__HOW TO COMPLETE THIS TASK__. I would like the lines below, from the one with "第二幕「八星報喜賀賀喜」 「" through the one with "Un momento de", copied exactly and without any pictures.

--- DATA RECORDS Enclosed Below ---

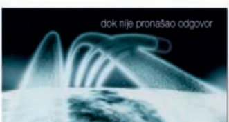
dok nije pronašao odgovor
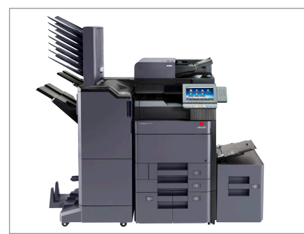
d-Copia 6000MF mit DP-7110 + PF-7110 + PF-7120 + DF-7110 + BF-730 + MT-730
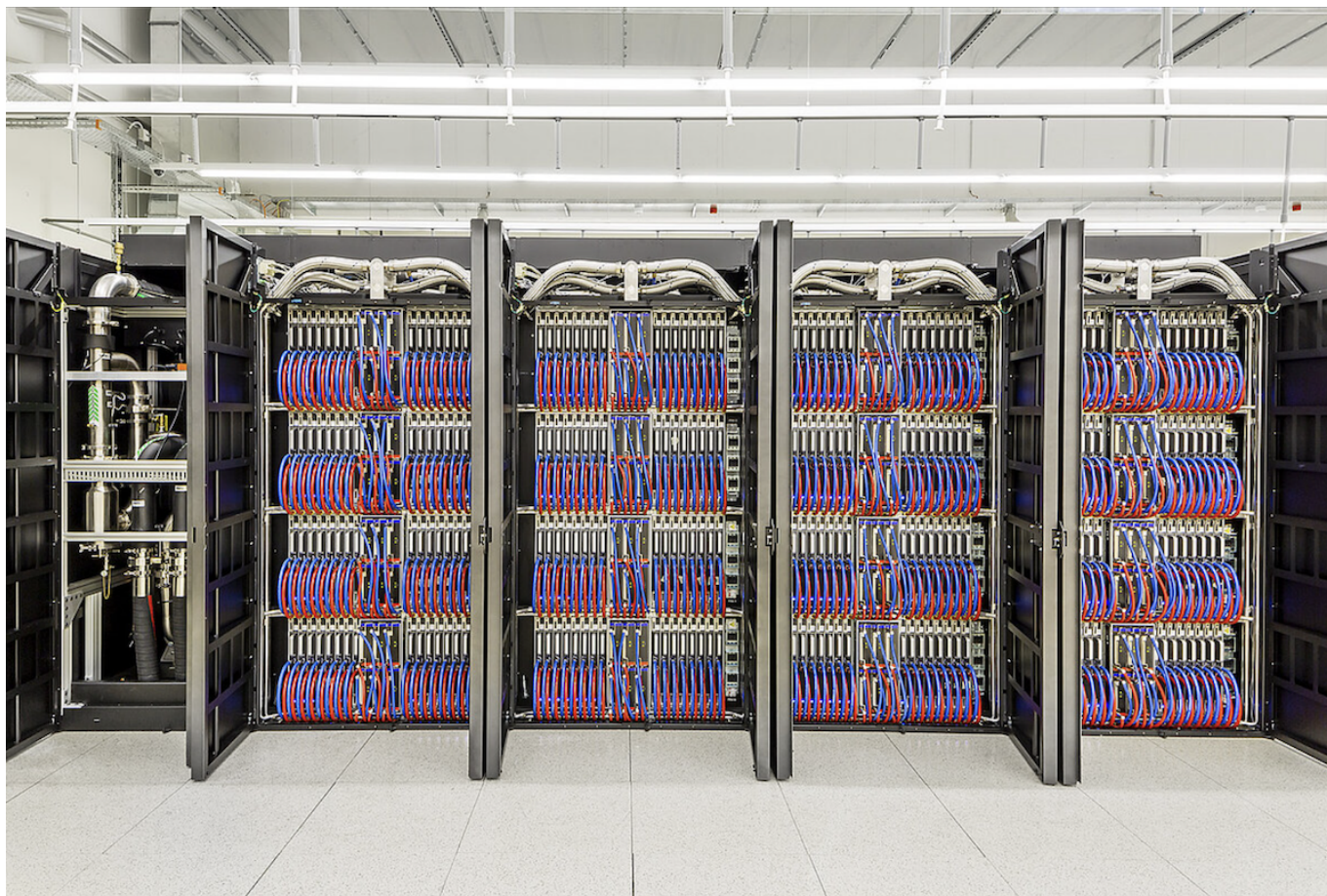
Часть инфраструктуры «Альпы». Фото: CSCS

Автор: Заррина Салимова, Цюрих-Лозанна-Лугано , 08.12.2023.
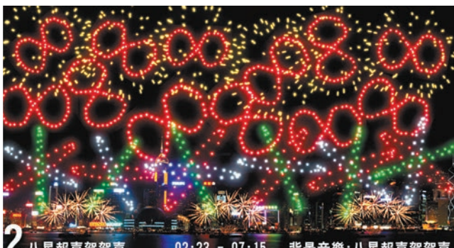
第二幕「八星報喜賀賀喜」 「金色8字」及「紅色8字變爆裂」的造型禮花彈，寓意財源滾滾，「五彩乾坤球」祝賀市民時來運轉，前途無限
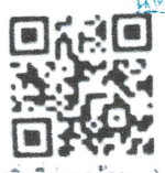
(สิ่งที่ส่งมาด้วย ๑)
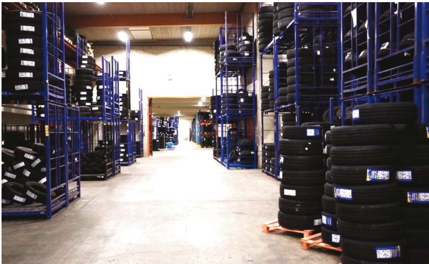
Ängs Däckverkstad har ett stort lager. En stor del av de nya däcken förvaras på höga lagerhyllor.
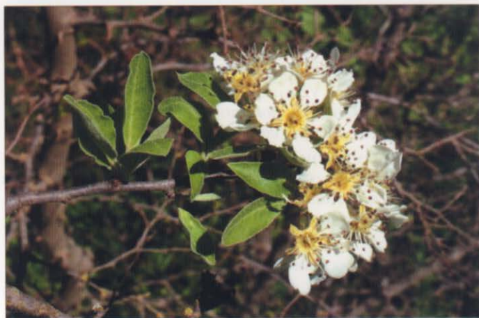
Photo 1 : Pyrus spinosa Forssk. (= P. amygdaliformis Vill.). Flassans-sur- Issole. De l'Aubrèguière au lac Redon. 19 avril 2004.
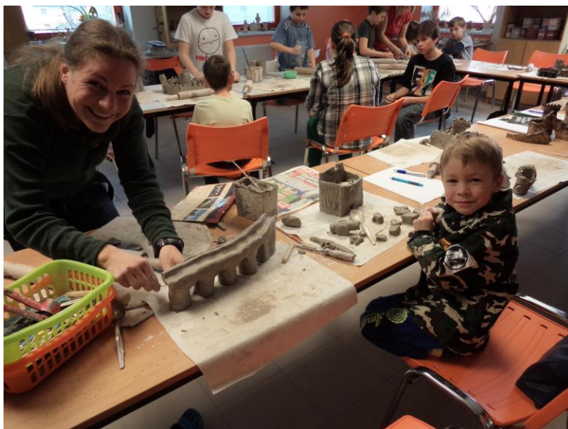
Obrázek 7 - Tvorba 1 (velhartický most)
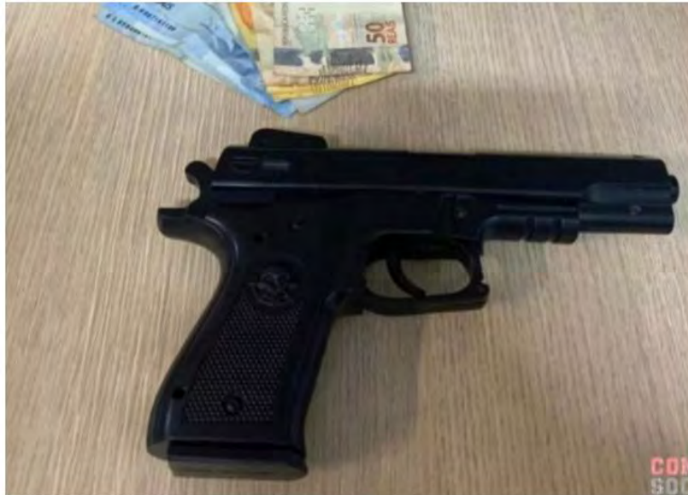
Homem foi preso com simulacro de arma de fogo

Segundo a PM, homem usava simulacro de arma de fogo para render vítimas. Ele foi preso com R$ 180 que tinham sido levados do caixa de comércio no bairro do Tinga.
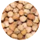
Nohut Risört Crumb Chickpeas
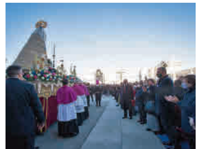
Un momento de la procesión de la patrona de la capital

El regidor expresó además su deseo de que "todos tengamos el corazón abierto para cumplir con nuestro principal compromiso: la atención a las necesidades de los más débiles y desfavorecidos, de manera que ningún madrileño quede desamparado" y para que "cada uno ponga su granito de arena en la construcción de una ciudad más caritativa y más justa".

--- End of Enclosed DATA RECORDS ---
--- DATA RECORDS Enclosed Below ---

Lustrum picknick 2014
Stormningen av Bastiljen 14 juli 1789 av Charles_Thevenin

--- End of Enclosed DATA RECORDS ---
--- DATA RECORDS Enclosed Below ---

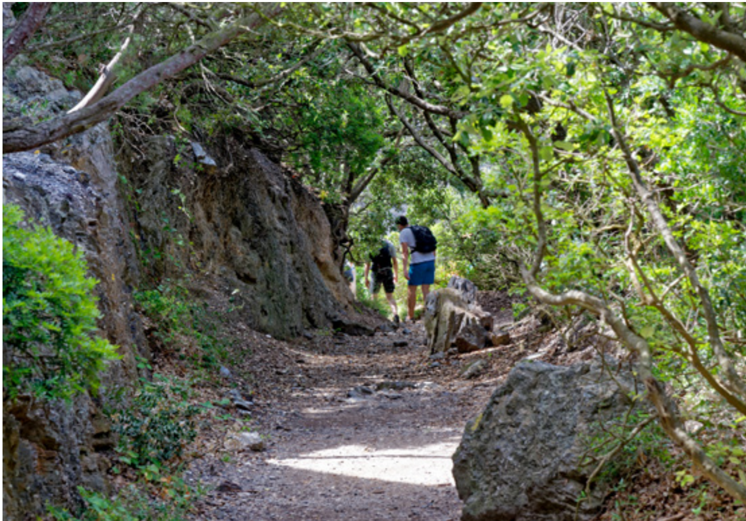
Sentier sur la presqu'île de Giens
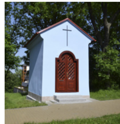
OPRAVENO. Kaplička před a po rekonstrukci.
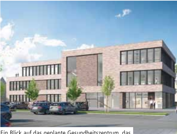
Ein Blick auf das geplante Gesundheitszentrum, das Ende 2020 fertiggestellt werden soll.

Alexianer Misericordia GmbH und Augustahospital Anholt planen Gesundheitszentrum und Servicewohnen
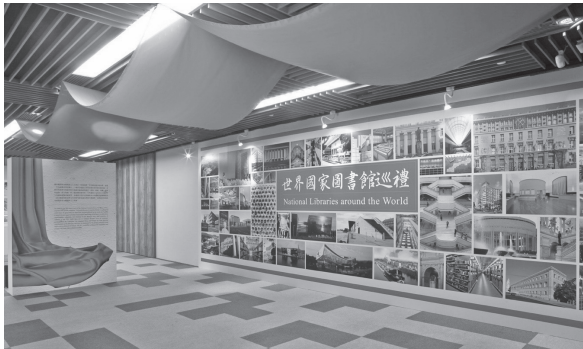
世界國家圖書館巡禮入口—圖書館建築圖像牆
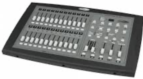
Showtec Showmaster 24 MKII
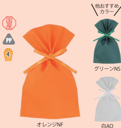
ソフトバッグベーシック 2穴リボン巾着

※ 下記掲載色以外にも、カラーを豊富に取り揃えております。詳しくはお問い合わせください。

--- End of Enclosed DATA RECORDS ---

__EXERCISE SOLUTION__.
第二幕「八星報喜賀賀喜」 「金色8字」及「紅色8字變爆裂」的造型禮花彈，寓意財源滾滾，「五彩乾坤球」祝賀市民時來運轉，前途無限
(สิ่งที่ส่งมาด้วย ๑)
Ängs Däckverkstad har ett stort lager. En stor del av de nya däcken förvaras på höga lagerhyllor.
Photo 1 : Pyrus spinosa Forssk. (= P. amygdaliformis Vill.). Flassans-sur- Issole. De l'Aubrèguière au lac Redon. 19 avril 2004.
Obrázek 7 - Tvorba 1 (velhartický most)
Homem foi preso com simulacro de arma de fogo

Segundo a PM, homem usava simulacro de arma de fogo para render vítimas. Ele foi preso com R$ 180 que tinham sido levados do caixa de comércio no bairro do Tinga.
Nohut Risört Crumb Chickpeas
Un momento de la procesión de la patrona de la capital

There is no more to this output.